[Excerpts from a dataset]
# # # # # # #

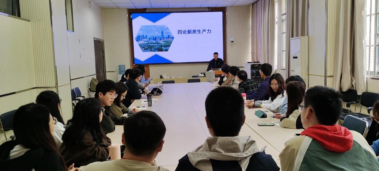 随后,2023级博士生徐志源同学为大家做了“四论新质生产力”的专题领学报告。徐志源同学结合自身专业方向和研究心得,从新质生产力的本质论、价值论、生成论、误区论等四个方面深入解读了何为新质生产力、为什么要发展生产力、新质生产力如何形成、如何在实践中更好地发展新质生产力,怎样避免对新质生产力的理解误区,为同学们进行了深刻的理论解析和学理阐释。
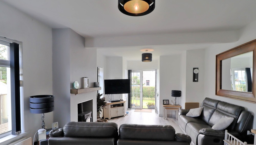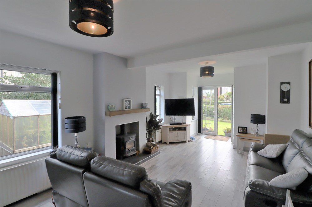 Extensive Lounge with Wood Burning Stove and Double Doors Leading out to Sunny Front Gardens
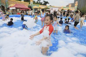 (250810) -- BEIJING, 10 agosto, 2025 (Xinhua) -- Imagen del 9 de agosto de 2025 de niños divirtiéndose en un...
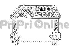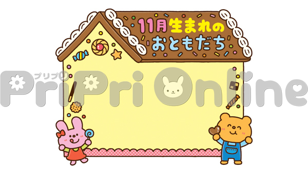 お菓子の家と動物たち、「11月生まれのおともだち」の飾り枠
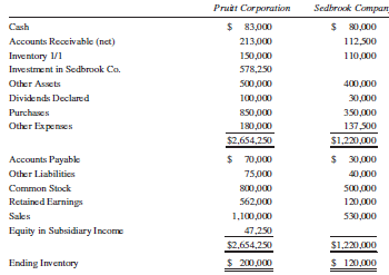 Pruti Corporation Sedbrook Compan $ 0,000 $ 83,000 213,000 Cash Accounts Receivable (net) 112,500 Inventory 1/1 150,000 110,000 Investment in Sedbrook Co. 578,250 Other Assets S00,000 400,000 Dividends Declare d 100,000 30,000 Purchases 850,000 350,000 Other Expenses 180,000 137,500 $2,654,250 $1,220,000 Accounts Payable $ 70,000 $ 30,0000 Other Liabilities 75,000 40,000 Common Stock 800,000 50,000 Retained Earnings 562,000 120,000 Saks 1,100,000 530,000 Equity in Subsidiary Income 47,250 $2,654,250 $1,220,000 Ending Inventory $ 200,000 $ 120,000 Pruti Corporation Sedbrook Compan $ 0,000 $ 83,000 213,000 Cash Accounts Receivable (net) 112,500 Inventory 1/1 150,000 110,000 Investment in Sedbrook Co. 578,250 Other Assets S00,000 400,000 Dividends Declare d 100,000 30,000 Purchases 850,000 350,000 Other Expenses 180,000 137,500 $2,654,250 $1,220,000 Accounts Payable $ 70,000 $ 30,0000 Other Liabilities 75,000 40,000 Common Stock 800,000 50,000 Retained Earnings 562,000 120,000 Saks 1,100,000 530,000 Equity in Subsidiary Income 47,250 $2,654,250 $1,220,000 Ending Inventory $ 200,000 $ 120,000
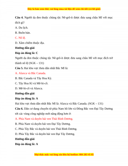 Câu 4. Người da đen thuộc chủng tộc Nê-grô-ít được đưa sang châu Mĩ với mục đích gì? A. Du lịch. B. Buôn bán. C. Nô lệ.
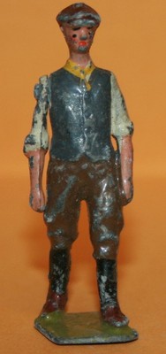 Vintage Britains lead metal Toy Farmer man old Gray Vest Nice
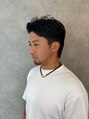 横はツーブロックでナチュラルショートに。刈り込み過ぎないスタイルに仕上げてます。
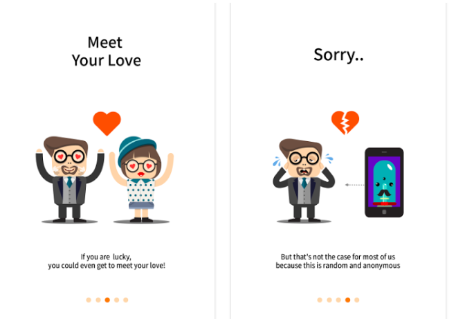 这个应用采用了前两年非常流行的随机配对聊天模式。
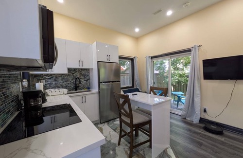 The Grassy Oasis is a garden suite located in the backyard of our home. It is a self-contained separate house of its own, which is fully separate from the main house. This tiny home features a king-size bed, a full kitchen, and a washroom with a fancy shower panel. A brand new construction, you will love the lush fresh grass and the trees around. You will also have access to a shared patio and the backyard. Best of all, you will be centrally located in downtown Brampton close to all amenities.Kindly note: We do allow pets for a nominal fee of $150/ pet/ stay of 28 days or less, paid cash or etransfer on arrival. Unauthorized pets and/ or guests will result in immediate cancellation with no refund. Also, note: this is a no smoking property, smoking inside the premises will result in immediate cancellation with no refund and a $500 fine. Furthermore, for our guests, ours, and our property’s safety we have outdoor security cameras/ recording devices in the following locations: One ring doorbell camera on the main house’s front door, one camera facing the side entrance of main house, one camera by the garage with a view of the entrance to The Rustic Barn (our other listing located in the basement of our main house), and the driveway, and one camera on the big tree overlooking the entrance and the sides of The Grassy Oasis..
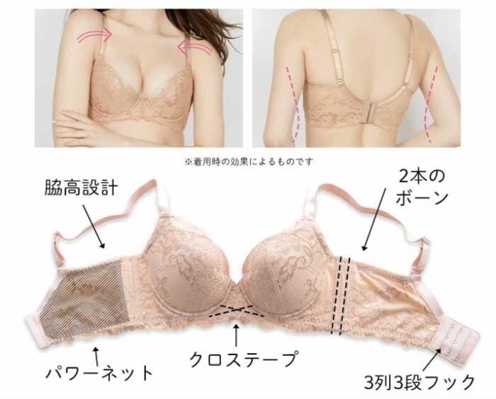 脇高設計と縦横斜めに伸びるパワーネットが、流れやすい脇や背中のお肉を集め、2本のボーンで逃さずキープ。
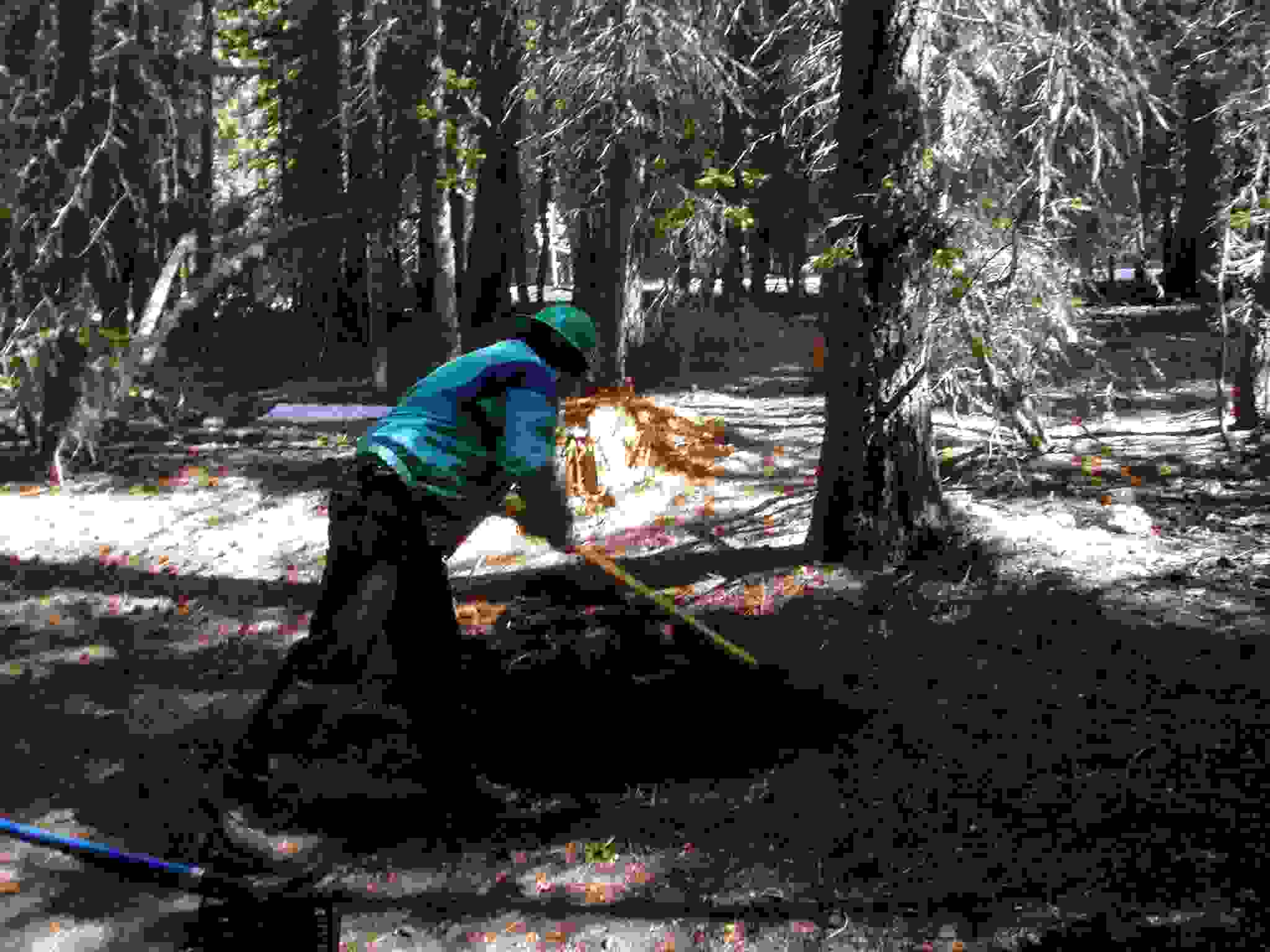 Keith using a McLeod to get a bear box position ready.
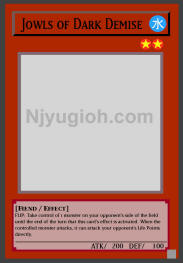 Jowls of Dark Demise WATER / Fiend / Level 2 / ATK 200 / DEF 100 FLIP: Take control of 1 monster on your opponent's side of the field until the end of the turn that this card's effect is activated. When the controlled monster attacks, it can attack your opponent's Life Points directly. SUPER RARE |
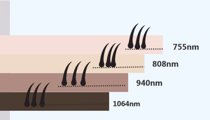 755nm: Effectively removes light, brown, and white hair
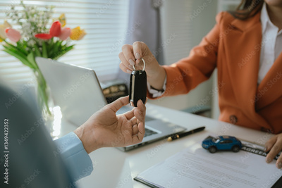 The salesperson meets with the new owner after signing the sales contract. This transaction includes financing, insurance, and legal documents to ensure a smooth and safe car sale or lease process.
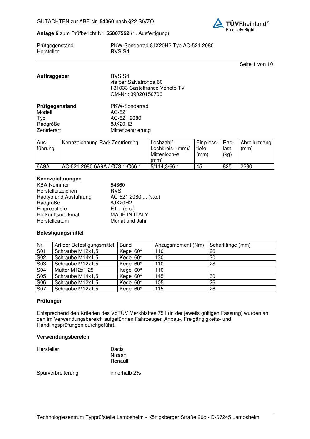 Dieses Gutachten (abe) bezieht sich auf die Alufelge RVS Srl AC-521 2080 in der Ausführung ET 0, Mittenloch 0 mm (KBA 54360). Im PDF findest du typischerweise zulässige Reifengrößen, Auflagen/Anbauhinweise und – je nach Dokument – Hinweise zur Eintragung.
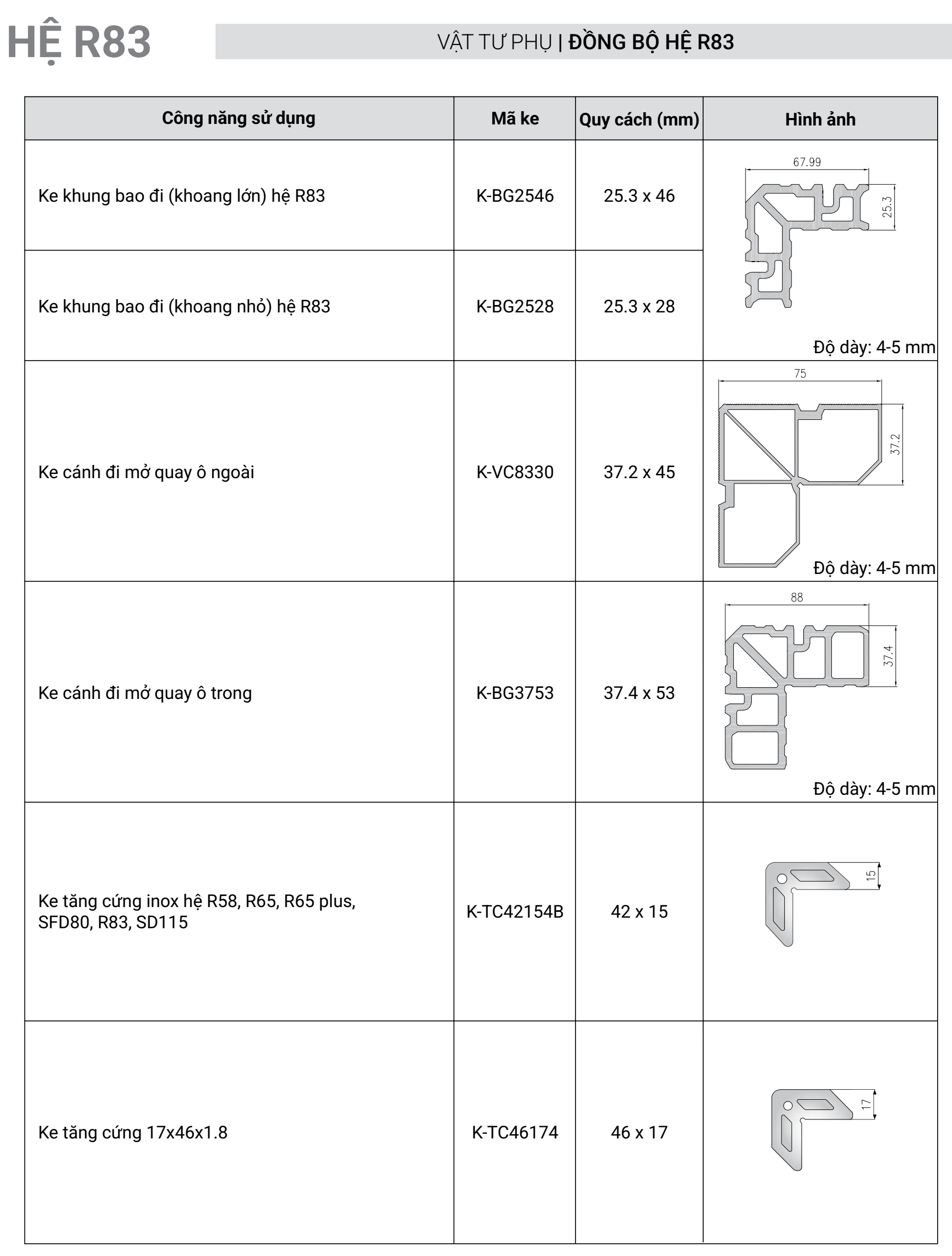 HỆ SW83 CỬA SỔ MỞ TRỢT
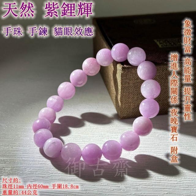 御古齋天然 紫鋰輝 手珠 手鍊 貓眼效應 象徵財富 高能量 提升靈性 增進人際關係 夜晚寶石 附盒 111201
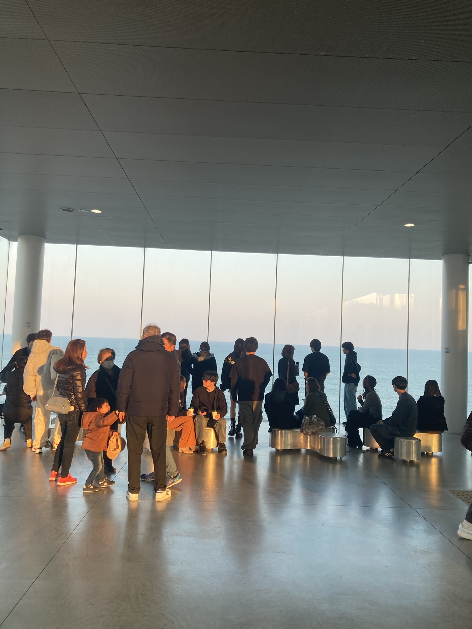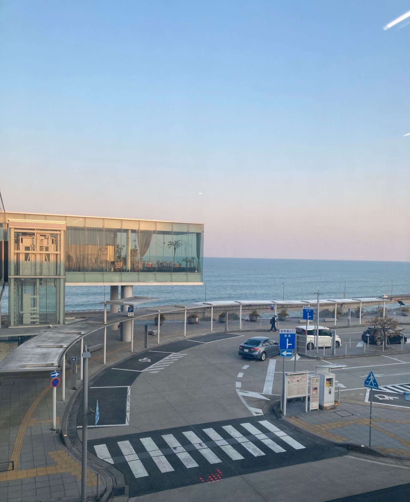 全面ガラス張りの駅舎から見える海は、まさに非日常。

# # # # # # #

## What to work on
Could you set down verbatim the lines from the beginning of the entries above through the line containing "お菓子の家と動物たち、「11月生まれのおともだち」の飾り枠", both included, leaving out the pictures?

## Answer to this task
 随后,2023级博士生徐志源同学为大家做了“四论新质生产力”的专题领学报告。徐志源同学结合自身专业方向和研究心得,从新质生产力的本质论、价值论、生成论、误区论等四个方面深入解读了何为新质生产力、为什么要发展生产力、新质生产力如何形成、如何在实践中更好地发展新质生产力,怎样避免对新质生产力的理解误区,为同学们进行了深刻的理论解析和学理阐释。
 Extensive Lounge with Wood Burning Stove and Double Doors Leading out to Sunny Front Gardens
 (250810) -- BEIJING, 10 agosto, 2025 (Xinhua) -- Imagen del 9 de agosto de 2025 de niños divirtiéndose en un...
 お菓子の家と動物たち、「11月生まれのおともだち」の飾り枠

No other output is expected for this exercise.